From 1d9b3b00a73a5af29c26aa454d56756f52686a1c Mon Sep 17 00:00:00 2001
From: kaiyou <pierre@jaury.eu>
Date: Sun, 5 Nov 2017 16:54:23 +0100
Subject: [PATCH] Use rspamd as a milter service instead of deprecated rmilter

---
 core/dovecot/conf/dovecot.conf                        |  9 ++++-----
 core/dovecot/sieve/before.sieve                       |  5 +++++
 core/postfix/conf/main.cf                             |  2 +-
 services/rspamd/Dockerfile                            |  7 ++-----
 services/rspamd/conf/local.d/antivirus.conf           |  6 ++++++
 services/rspamd/conf/local.d/dkim_signing.conf        |  2 ++
 services/rspamd/conf/local.d/logging.inc              |  1 +
 services/rspamd/conf/local.d/milter_headers.conf      | 11 +++++++++++
 services/rspamd/conf/local.d/redis.conf               |  1 +
 services/rspamd/conf/local.d/worker-normal.inc        |  1 +
 services/rspamd/conf/local.d/worker-proxy.inc         |  8 ++++++++
 .../conf/{worker-normal.conf => worker-proxy.conf}    |  9 ++++-----
 12 files changed, 46 insertions(+), 16 deletions(-)
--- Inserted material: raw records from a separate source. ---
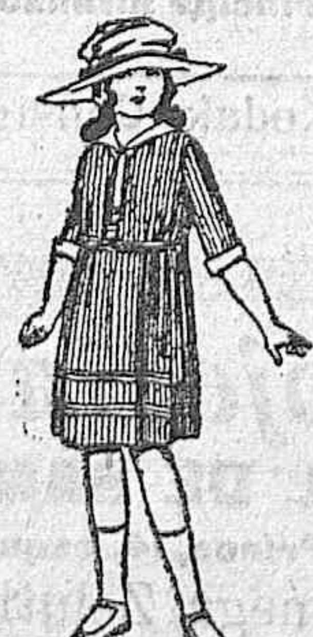
Vestidos de voile, listados, adornos blancos, para niñas de 4 a 9 años. de ptas. 22 a 38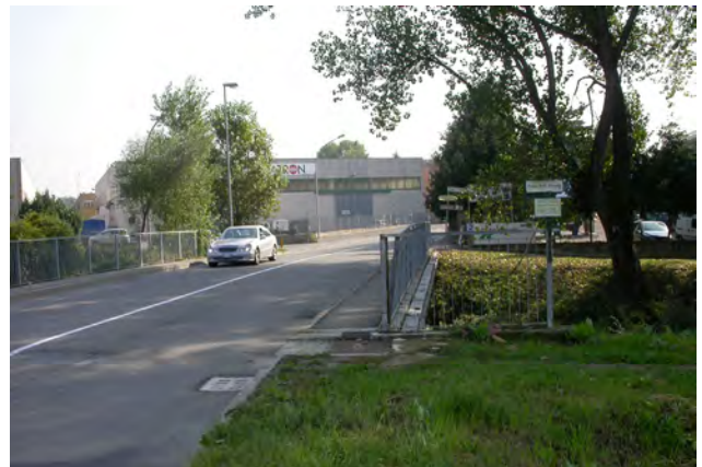
Due esempi di intersezioni stradali del Lungo Navile : via di Vittorio, a sinistra, evia dei Terraioli, a destra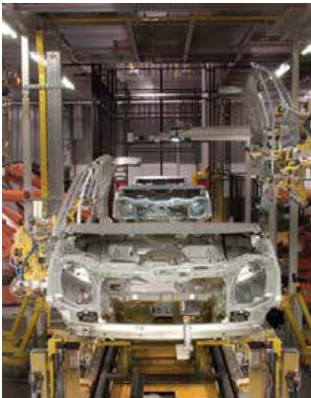
La automoción en Aragón supone entre el 3,5 y el 4 por ciento del PIB. €€

Fuente: Base de datos de comercio exterior de las Cámaras de Comercio y la Agencia Tributaria. (*) De ene-oct (últimos datos disponibles) elEconomista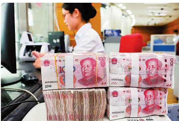
▲近期人民幣兌美元匯率持續走強，專家預期年內可升穿7.1。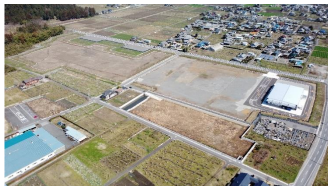
テクノハウス大野 全景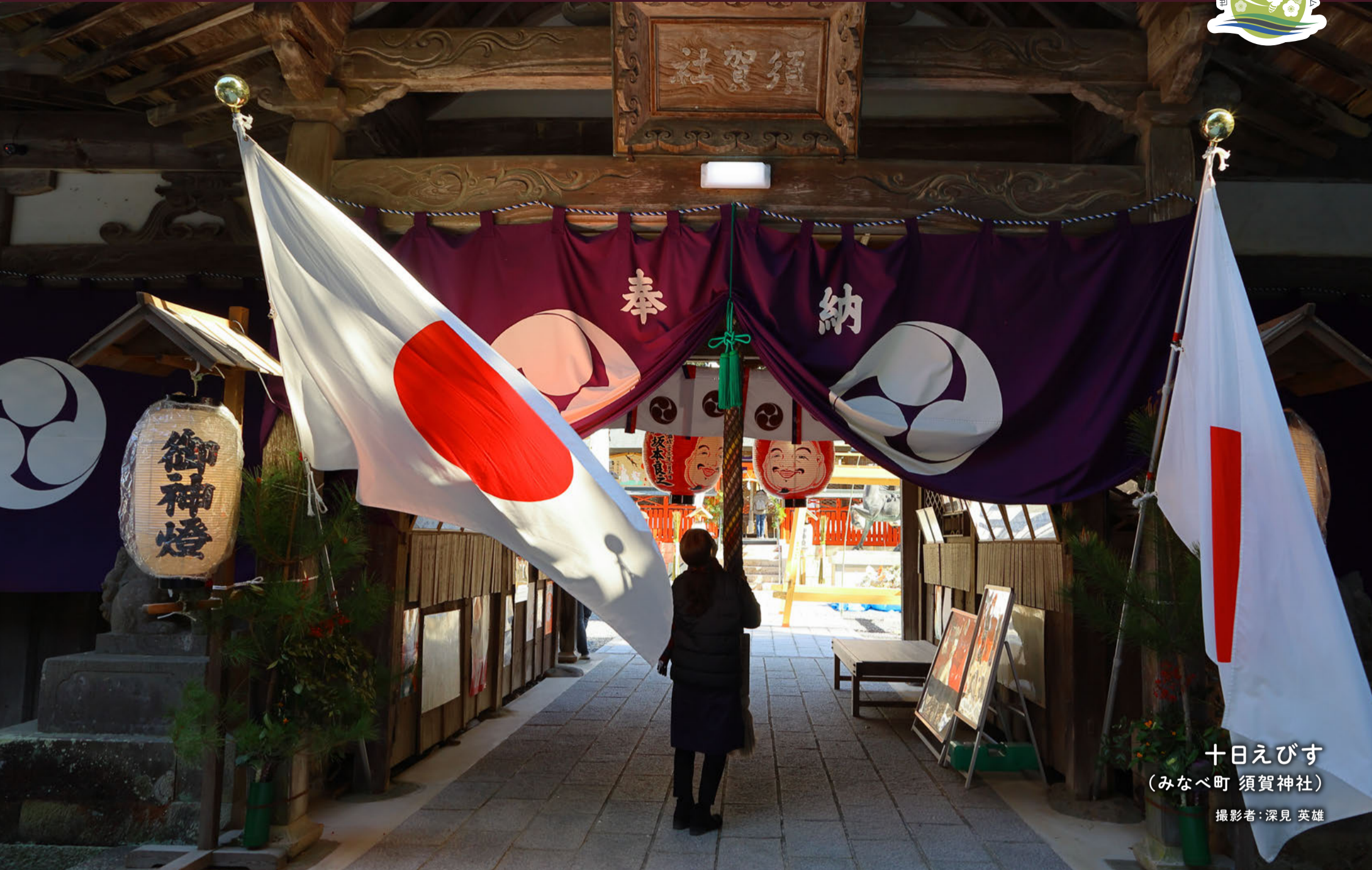
十日えびす (みなべ町 須賀神社)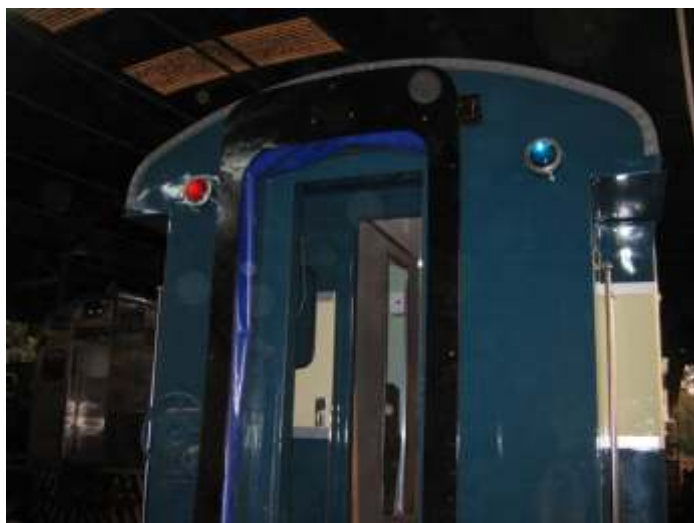
CA-62 - Detalhes da cabeceira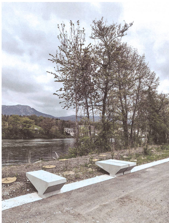
Schneisen öffnen den Blick auf das nördliche Aareufer und verbinden die neue Promenade mit dem Fluss.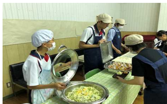
が加子 参ども 加望も した食 募。堂 。り。全 多校 く生 の徒 生に 徒参

 create mode 100644 services/rspamd/conf/local.d/antivirus.conf
 create mode 100644 services/rspamd/conf/local.d/dkim_signing.conf
 create mode 100644 services/rspamd/conf/local.d/logging.inc
 create mode 100644 services/rspamd/conf/local.d/milter_headers.conf
 create mode 100644 services/rspamd/conf/local.d/redis.conf
 create mode 100644 services/rspamd/conf/local.d/worker-normal.inc
 create mode 100644 services/rspamd/conf/local.d/worker-proxy.inc
 rename services/rspamd/conf/{worker-normal.conf => worker-proxy.conf} (50%)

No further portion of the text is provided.